Provided material:
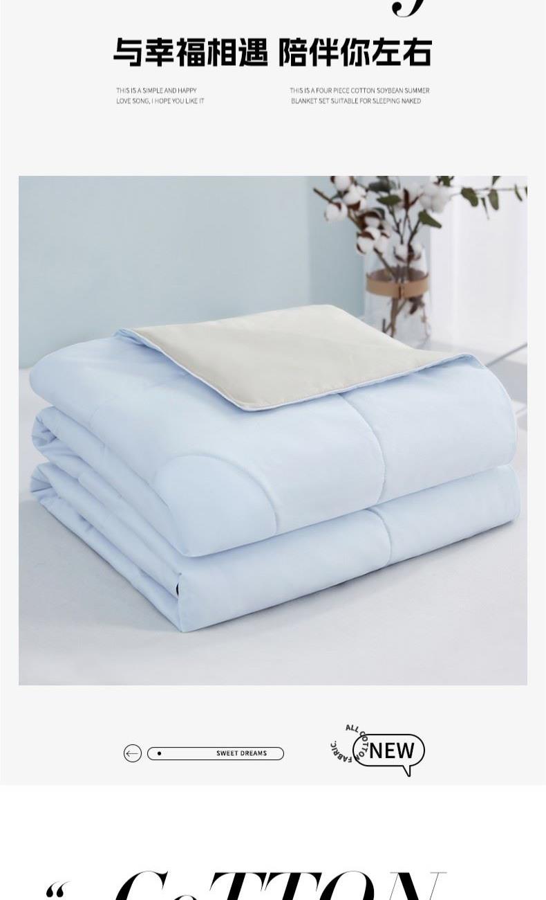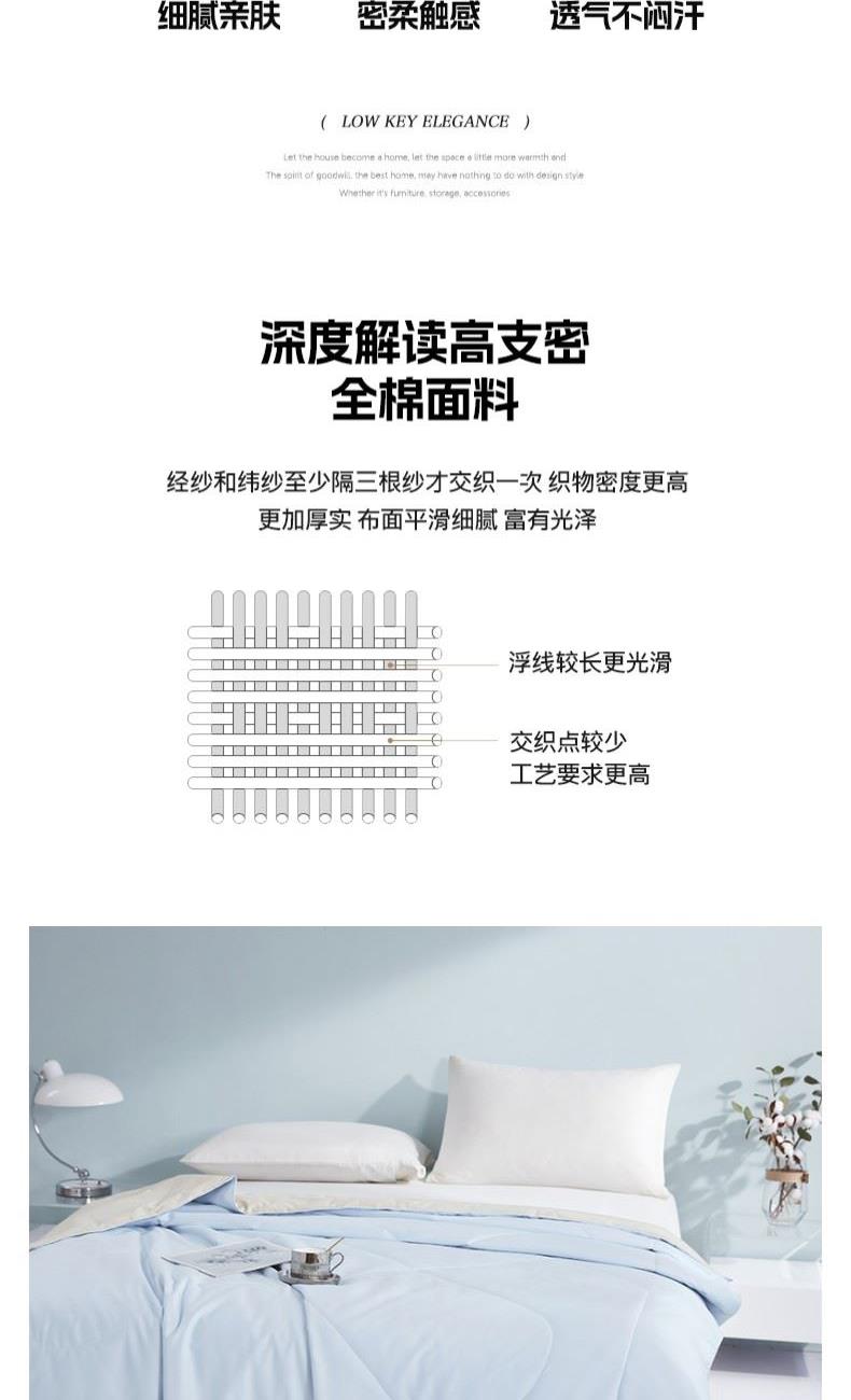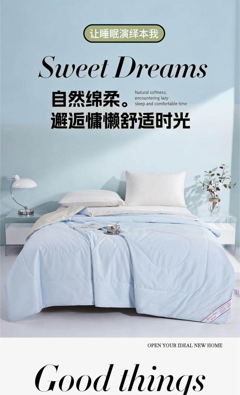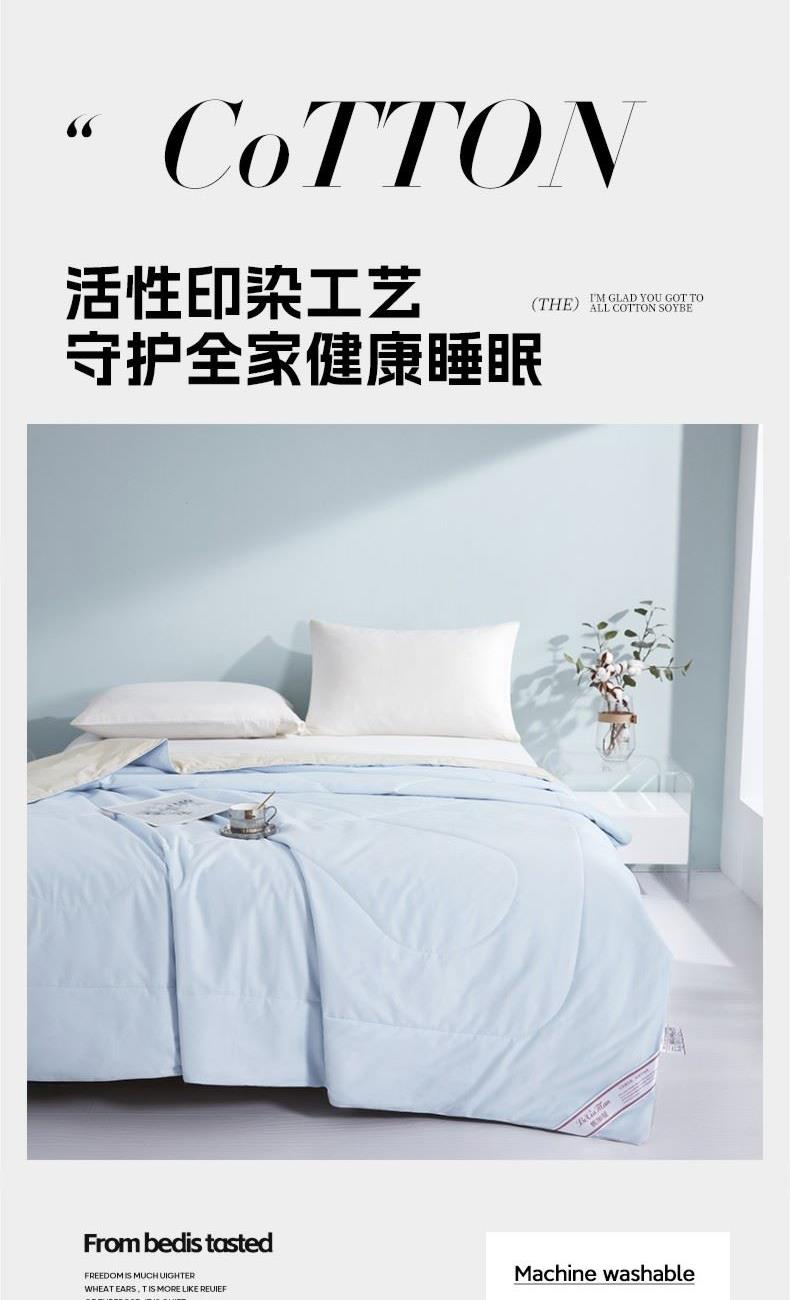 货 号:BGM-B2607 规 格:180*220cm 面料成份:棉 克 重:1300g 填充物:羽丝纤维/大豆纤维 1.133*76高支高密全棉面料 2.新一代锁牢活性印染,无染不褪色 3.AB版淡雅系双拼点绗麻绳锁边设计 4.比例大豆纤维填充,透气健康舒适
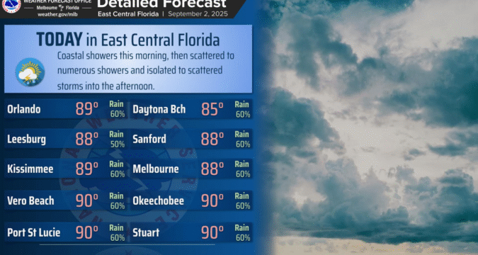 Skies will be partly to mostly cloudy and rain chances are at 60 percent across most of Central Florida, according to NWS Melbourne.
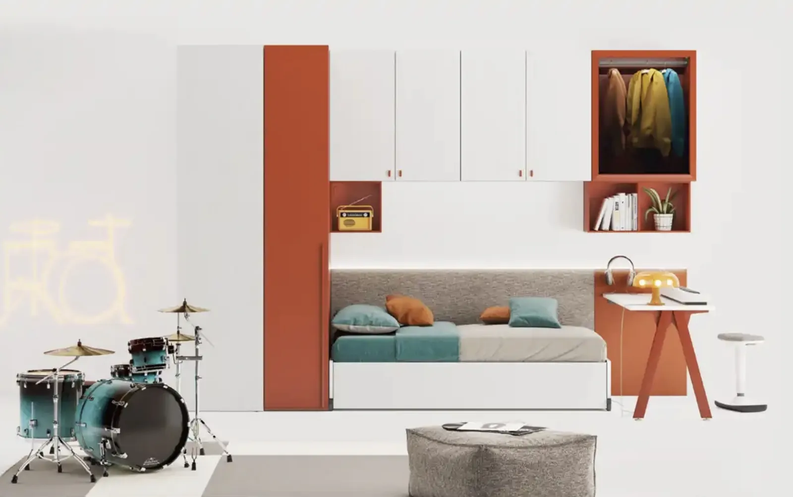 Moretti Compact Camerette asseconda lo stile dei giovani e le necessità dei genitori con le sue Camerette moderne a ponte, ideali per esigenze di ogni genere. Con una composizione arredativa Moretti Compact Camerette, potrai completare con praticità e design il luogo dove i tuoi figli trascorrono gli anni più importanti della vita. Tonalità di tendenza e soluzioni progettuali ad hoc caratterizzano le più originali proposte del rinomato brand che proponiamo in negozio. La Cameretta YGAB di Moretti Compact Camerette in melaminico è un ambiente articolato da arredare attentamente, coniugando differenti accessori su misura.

Instructions for the task: Start with the line that holds "Skies will be" and retype each line through the last one in the data, exactly and without pictures.

Written solution:
 Skies will be partly to mostly cloudy and rain chances are at 60 percent across most of Central Florida, according to NWS Melbourne.
 Moretti Compact Camerette asseconda lo stile dei giovani e le necessità dei genitori con le sue Camerette moderne a ponte, ideali per esigenze di ogni genere. Con una composizione arredativa Moretti Compact Camerette, potrai completare con praticità e design il luogo dove i tuoi figli trascorrono gli anni più importanti della vita. Tonalità di tendenza e soluzioni progettuali ad hoc caratterizzano le più originali proposte del rinomato brand che proponiamo in negozio. La Cameretta YGAB di Moretti Compact Camerette in melaminico è un ambiente articolato da arredare attentamente, coniugando differenti accessori su misura.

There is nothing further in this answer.